Dataset Block Start

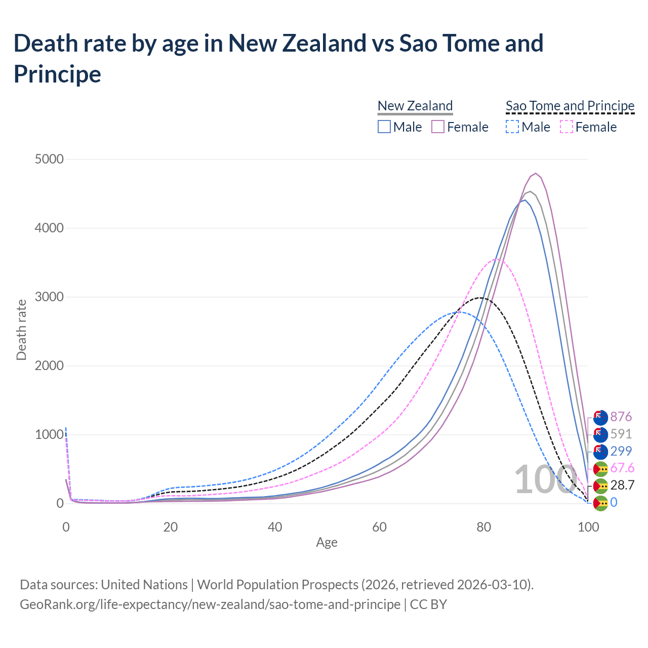 In New Zealand, the most common age of death is 89, compared to 79 in Sao Tome and Principe. The median age of death is 85.8 in New Zealand and 74.1 in Sao Tome and Principe, meaning only half of each cohort is expected to live past that age.
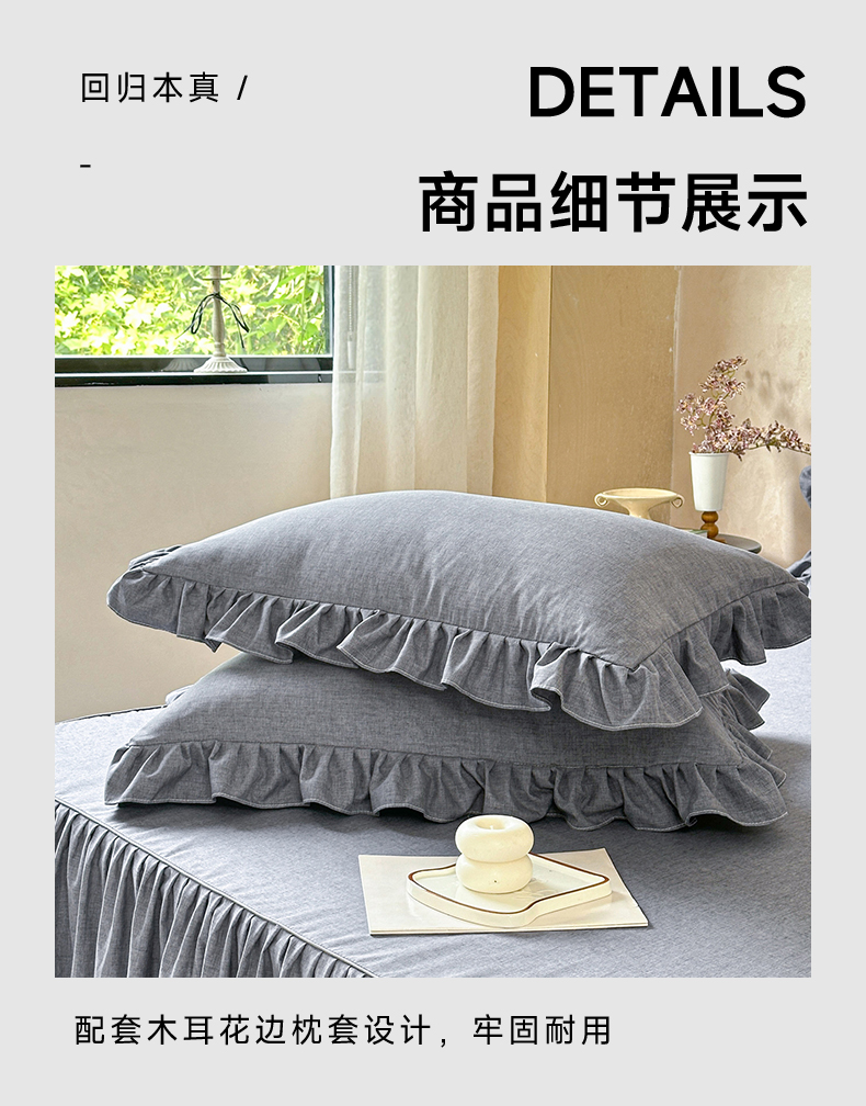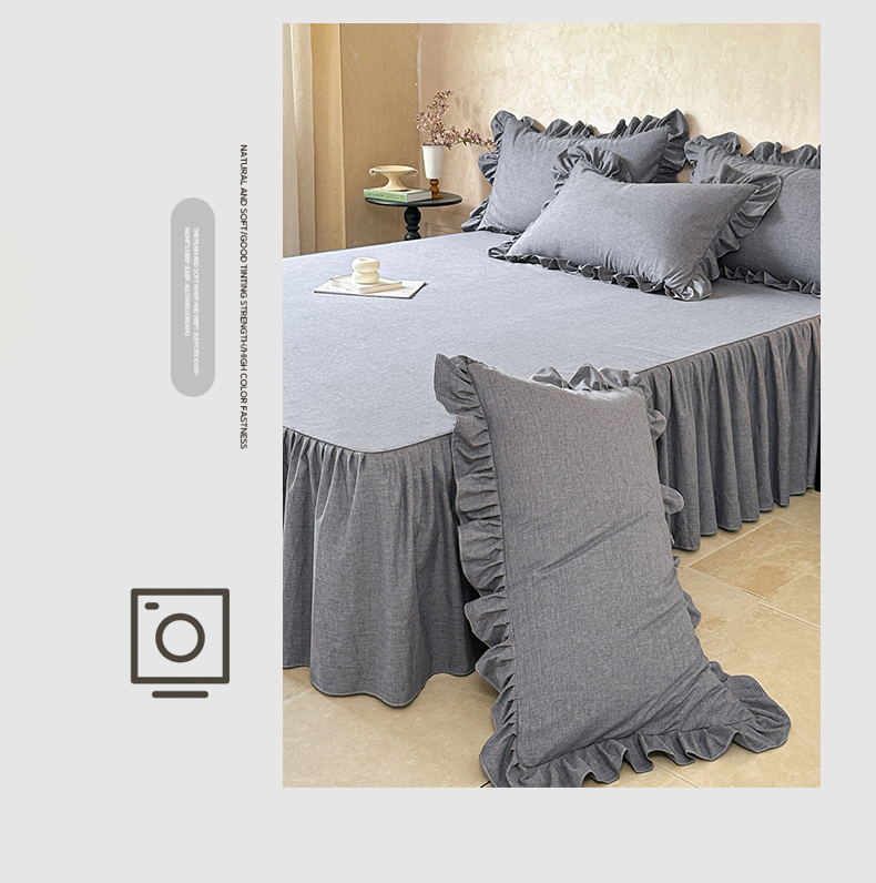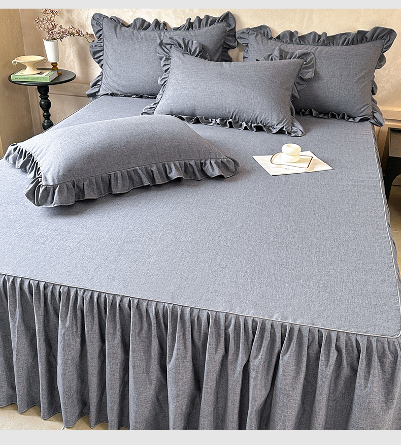 (总)忘忧草 2025新款色织水洗全棉床笠式床裙夹棉款纯棉花边床笠-花颜系列,花颜-白,花颜-粉,花颜-灰,花颜-咖,花颜-蓝,花颜-绿
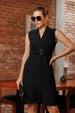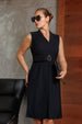This sleek, sleeveless dress features a structured V-neckline and a clean, tailored silhouette. A standout detail is the belted waist, accentuated with a distinctive gold abstract buckle that adds a touch of modern elegance. The dress falls just below the knee with a subtle front slit for ease of movement and added sophistication. Designed with minimalist lines and refined finishing, this piece offers a versatile option for both professional and evening wear.
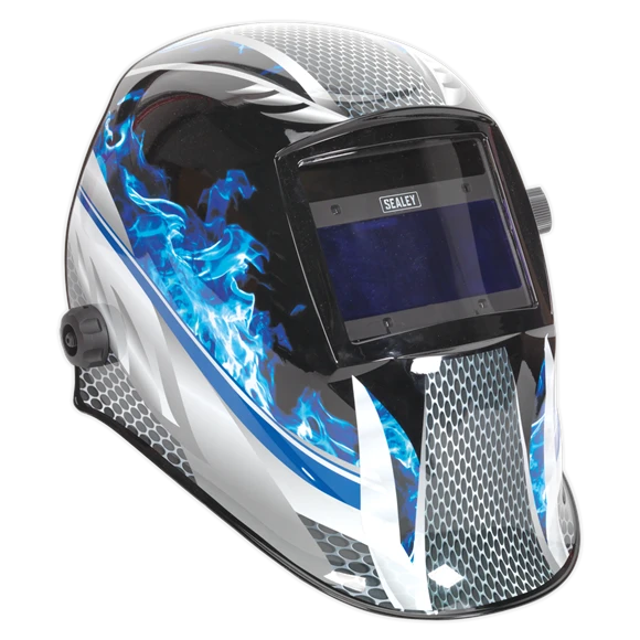 High quality infinitely variable shade 9-13 lens manufactured and tested to BS EN 379. Fully automatic switching from light to dark on striking arc. Features adjustable sensitivity and delay switches. Grinding function enables user to grind without removing mask. Deluxe contoured helmet approved to BS EN 175 which gives full neck protection and protects lens from scratching when helmet is laid down. Comfortable headband and non-slip quick release ratchet mechanism. Suitable for MIG, TIG, arc and gas welding.
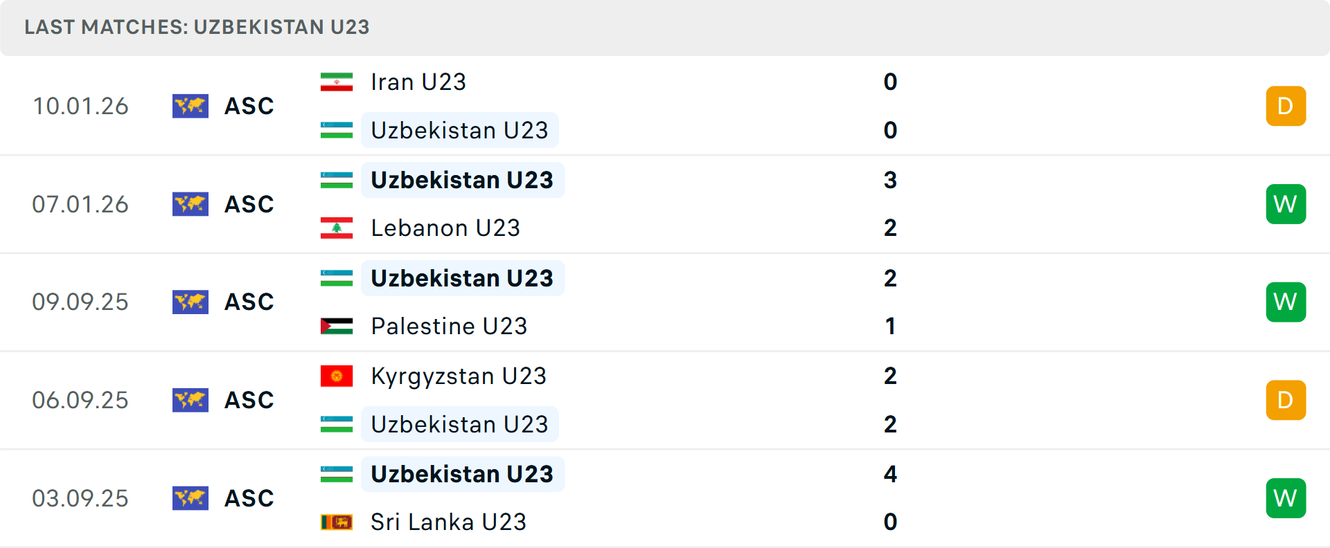 Tỷ lệ trận đấu: U23 Uzbekistan thua 4/5 trận gần đây theo tỷ số châu Á (hoà 1). Phía bên kia, U23 Hàn Quốc thắng trận mới nhất.
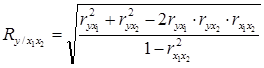 В данной работе множественный коэффициент корреляции был вычислен по формуле (2.4):
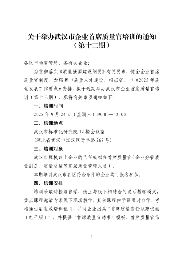 關(guān)于舉辦武漢市企業(yè)首席質(zhì)量官培訓的通知(第十二期)
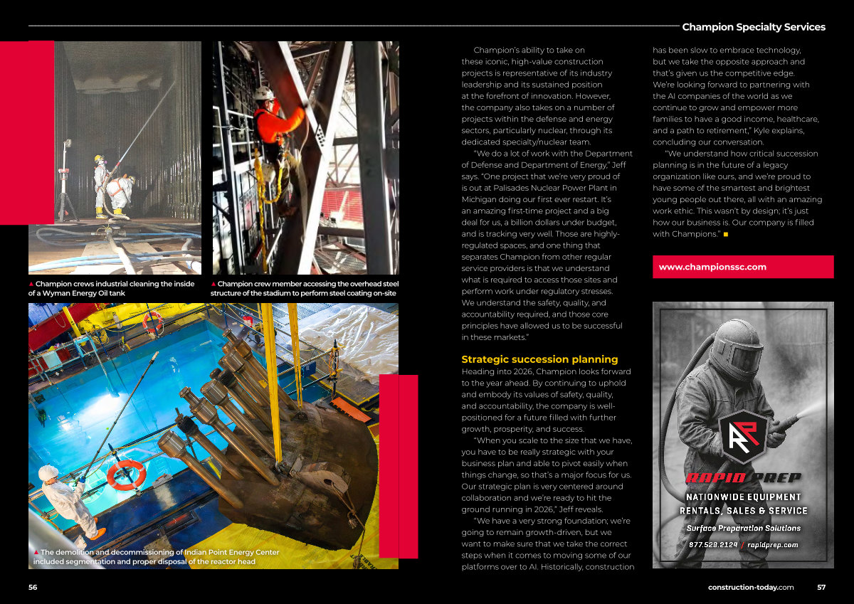 ▲ Champion crew member accessing the overhead steel structure of the stadium to perform steel coating on-site
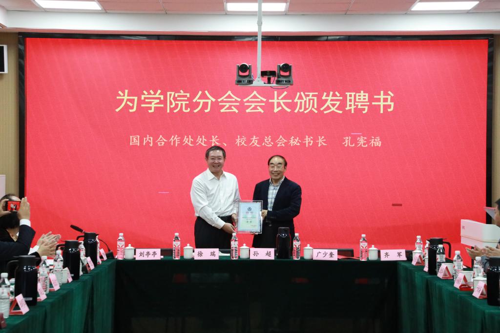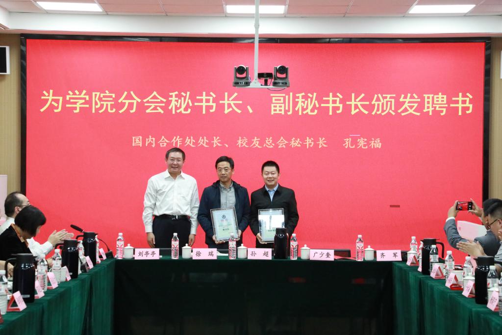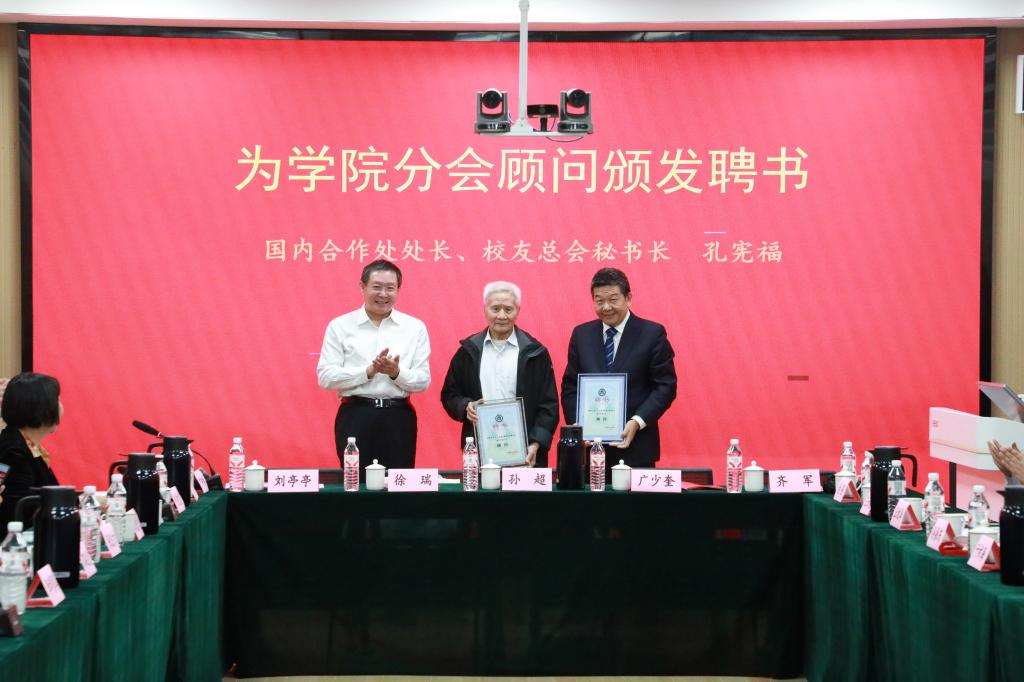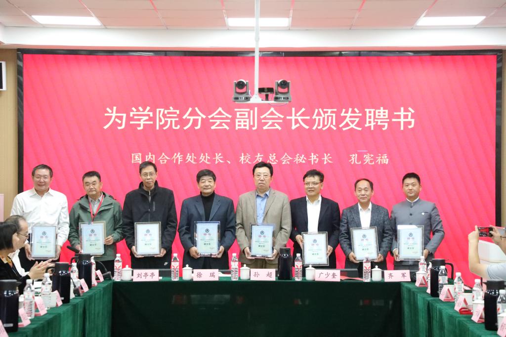 会议审议并通过了学院校友分会理事会成员建议名单,选举产生了分会顾问、会长、副会长、秘书长、副秘书长等。在与会嘉宾和校友们的共同见证下,孔宪福为学院分会顾问、会长、副会长、秘书长等颁发聘书。

Dataset Block End

→ **Aim of the exercise**
Copy all the records above exactly, but leave out the pictures.

→ **Written solution**
 In New Zealand, the most common age of death is 89, compared to 79 in Sao Tome and Principe. The median age of death is 85.8 in New Zealand and 74.1 in Sao Tome and Principe, meaning only half of each cohort is expected to live past that age.
 (总)忘忧草 2025新款色织水洗全棉床笠式床裙夹棉款纯棉花边床笠-花颜系列,花颜-白,花颜-粉,花颜-灰,花颜-咖,花颜-蓝,花颜-绿
This sleek, sleeveless dress features a structured V-neckline and a clean, tailored silhouette. A standout detail is the belted waist, accentuated with a distinctive gold abstract buckle that adds a touch of modern elegance. The dress falls just below the knee with a subtle front slit for ease of movement and added sophistication. Designed with minimalist lines and refined finishing, this piece offers a versatile option for both professional and evening wear.
 High quality infinitely variable shade 9-13 lens manufactured and tested to BS EN 379. Fully automatic switching from light to dark on striking arc. Features adjustable sensitivity and delay switches. Grinding function enables user to grind without removing mask. Deluxe contoured helmet approved to BS EN 175 which gives full neck protection and protects lens from scratching when helmet is laid down. Comfortable headband and non-slip quick release ratchet mechanism. Suitable for MIG, TIG, arc and gas welding.
 Tỷ lệ trận đấu: U23 Uzbekistan thua 4/5 trận gần đây theo tỷ số châu Á (hoà 1). Phía bên kia, U23 Hàn Quốc thắng trận mới nhất.
 В данной работе множественный коэффициент корреляции был вычислен по формуле (2.4):
 關(guān)于舉辦武漢市企業(yè)首席質(zhì)量官培訓的通知(第十二期)
 ▲ Champion crew member accessing the overhead steel structure of the stadium to perform steel coating on-site
 会议审议并通过了学院校友分会理事会成员建议名单,选举产生了分会顾问、会长、副会长、秘书长、副秘书长等。在与会嘉宾和校友们的共同见证下,孔宪福为学院分会顾问、会长、副会长、秘书长等颁发聘书。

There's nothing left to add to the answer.